January 14, 2020 / 4:29 PM / 11 days ago

Trump impeachment - what happens next?

(Reuters) - The Democratic-led U.S. House of Representatives is expected to vote on Wednesday to send formal impeachment charges against President Donald Trump to the Senate, where Majority Leader Mitch McConnell has said he would help acquit his fellow Republican at a trial.

Here is what can be expected in the coming days and weeks:

Jan. 15

The House will vote to formally transmit the charges against Trump to the Senate, according to House Speaker Nancy Pelosi. Democratic lawmakers, who represent the House majority, voted along party lines on Dec. 18 to impeach Trump over his dealings with Ukraine.

The resolution would also appoint a number of House Democrats as “managers,” who would prosecute Trump in the Senate on charges that he abused his power by pressuring Ukraine to investigate former Vice President Joe Biden, a leading Democratic presidential contender for 2020, and that Trump obstructed efforts by Congress to uncover any misconduct.
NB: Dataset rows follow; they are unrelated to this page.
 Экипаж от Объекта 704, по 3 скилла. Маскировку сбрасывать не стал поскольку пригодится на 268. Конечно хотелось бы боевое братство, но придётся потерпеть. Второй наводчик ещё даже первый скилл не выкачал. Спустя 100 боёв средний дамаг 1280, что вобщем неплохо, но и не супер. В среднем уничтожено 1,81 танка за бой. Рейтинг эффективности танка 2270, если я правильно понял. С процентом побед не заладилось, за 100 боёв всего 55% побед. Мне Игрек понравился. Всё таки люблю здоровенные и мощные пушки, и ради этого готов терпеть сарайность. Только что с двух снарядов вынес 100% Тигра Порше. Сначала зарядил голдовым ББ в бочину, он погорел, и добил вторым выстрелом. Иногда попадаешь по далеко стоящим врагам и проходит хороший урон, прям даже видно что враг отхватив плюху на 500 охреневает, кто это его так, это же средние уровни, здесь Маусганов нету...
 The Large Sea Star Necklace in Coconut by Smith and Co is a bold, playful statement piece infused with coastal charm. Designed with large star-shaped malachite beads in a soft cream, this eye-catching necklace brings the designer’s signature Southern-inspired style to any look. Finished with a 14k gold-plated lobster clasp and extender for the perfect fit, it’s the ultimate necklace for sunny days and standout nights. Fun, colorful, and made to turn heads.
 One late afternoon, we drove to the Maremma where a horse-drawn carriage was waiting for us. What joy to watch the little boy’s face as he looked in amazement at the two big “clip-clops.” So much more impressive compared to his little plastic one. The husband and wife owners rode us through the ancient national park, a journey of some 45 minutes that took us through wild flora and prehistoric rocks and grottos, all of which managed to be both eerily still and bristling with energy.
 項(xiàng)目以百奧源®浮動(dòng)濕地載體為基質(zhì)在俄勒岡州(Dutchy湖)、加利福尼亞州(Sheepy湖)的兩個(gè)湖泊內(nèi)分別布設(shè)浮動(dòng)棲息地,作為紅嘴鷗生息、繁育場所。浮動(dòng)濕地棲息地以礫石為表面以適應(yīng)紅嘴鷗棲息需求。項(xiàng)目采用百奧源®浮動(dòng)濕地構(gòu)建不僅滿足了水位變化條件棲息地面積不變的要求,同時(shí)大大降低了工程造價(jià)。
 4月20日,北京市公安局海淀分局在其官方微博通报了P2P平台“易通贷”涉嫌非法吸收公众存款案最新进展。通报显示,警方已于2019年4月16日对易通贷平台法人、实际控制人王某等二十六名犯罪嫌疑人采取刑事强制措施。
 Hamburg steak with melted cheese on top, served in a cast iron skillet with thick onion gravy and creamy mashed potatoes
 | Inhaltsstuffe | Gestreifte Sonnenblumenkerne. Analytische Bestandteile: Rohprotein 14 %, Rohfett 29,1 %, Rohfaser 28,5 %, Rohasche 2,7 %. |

Pelosi had delayed sending the charges to the Senate in an unsuccessful effort to get McConnell to agree to allow new witness testimony that could be damaging to Trump.

Jan. 16

A Wednesday vote would lead the Senate to take up impeachment on Thursday. The Senate will likely take several days to get through formalities before the trial begins in earnest.

The Senate would initially receive notification from the House that managers have been appointed and then adopt a resolution telling the House when it is ready to receive the managers to present the charges, known formally as articles of impeachment.
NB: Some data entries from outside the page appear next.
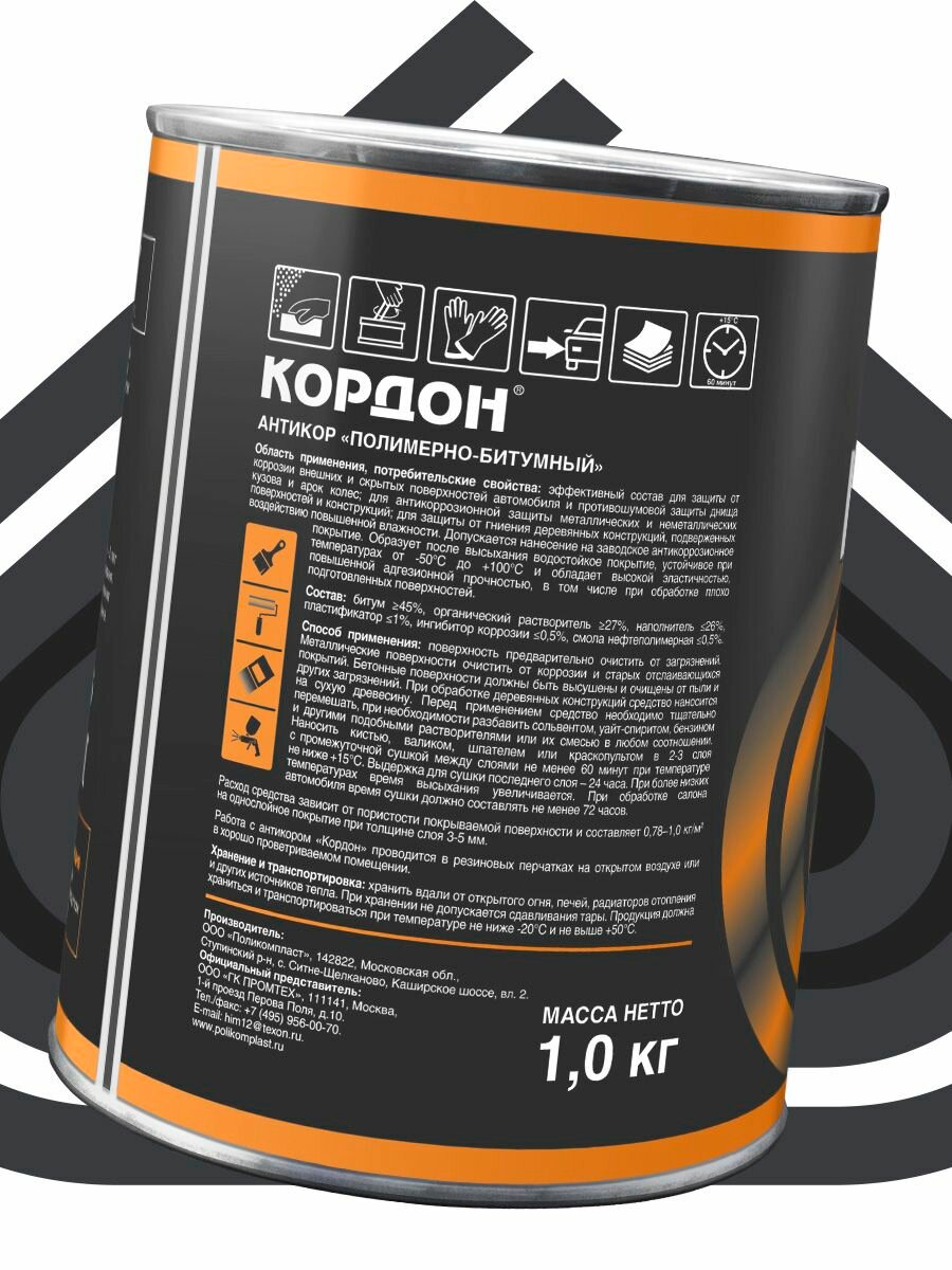 Антикор Кордон 1кг., антикоррозионная мастика полимерно-битумная / средство защиты для кузова, арок, днища и скрытых полостей
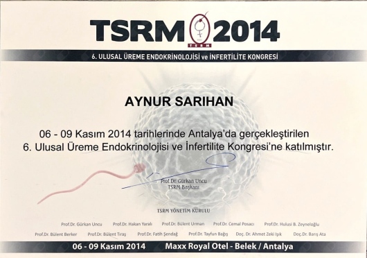 6. Ulusal Üreme Endokrinolojisi ve İnfertilite Kongresi, Antalya (2014)
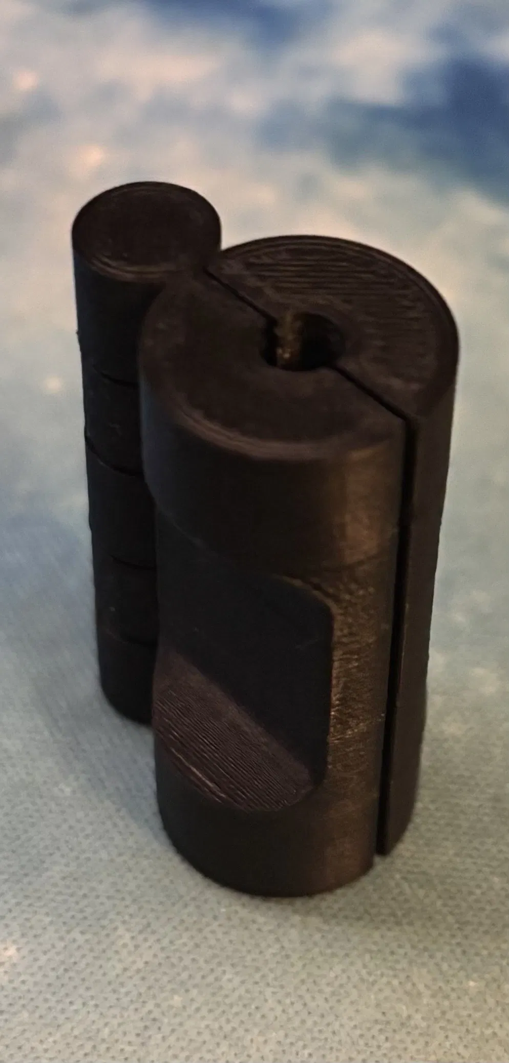 Model có built-in supports cho khoảng cách bản lề (hinge spacing) và phần đó được in bằng PLA. Sau khi in có thể gỡ ra, nhưng thật ra mình thấy không quá cần thiết, dù mình cũng có cạy ra bằng một cây nhựa nhỏ (plastic pick).

The House managers would then physically bring the articles of impeachment into the well of the Senate and present them. The Senate would inform the House when it is ready for the trial and organise for the proceedings.

U.S. Chief Justice John Roberts would be sworn in to preside over the trial. Senators would be sworn in as jurors.

Week of Jan. 20

House managers would present their case against Trump, and the president’s legal team would respond, with senators sitting as jurors. McConnell has said the Senate will sit in session six days a week, taking only Sundays off.

Senators would then be given time to submit questions to each side.

Senators could also vote on whether to dismiss the charges against Trump.

McConnell has said that, once the charges are formally submitted to the Senate, he will back a resolution that would set initial rules for the trial but postpone a decision on whether to hear from witnesses.

McConnell has not yet published a draft of the resolution but he said it would be “very similar” to one adopted in January 1999 during the impeachment of Democratic former President Bill Clinton.

That resolution set deadlines for the prosecution and defence to submit “trial briefs” that laid out their cases in writing. The resolution also allocated 24 hours for representatives of each side to make oral arguments and set aside 16 hours for senators to ask them questions.

The Clinton resolution referenced by McConnell did not resolve whether witnesses would be called. A follow-up resolution allowing for three witnesses to testify in videotaped depositions passed later along a party-line vote.

Late January to early February

Democrats will push to hear from witnesses during the trial. If McConnell’s resolution on initial trial rules is adopted, as expected, senators would likely vote after the trial has started on whether to introduce witness testimony sought by the Democrats. Republicans could seek to call witnesses of their own as well.

The Senate now has 53 Republicans, 45 Democrats and two independents who usually vote with the Democrats. That means four Republicans would need to cross party lines and join Democrats in requesting witness testimony.

The trial could continue into February, when Iowa and New Hampshire hold the first nominating contests for the 2020 presidential election. That could pose logistical problems for the four senators seeking the Democratic nomination: Bernie Sanders, Elizabeth Warren, Amy Klobuchar and Michael Bennet.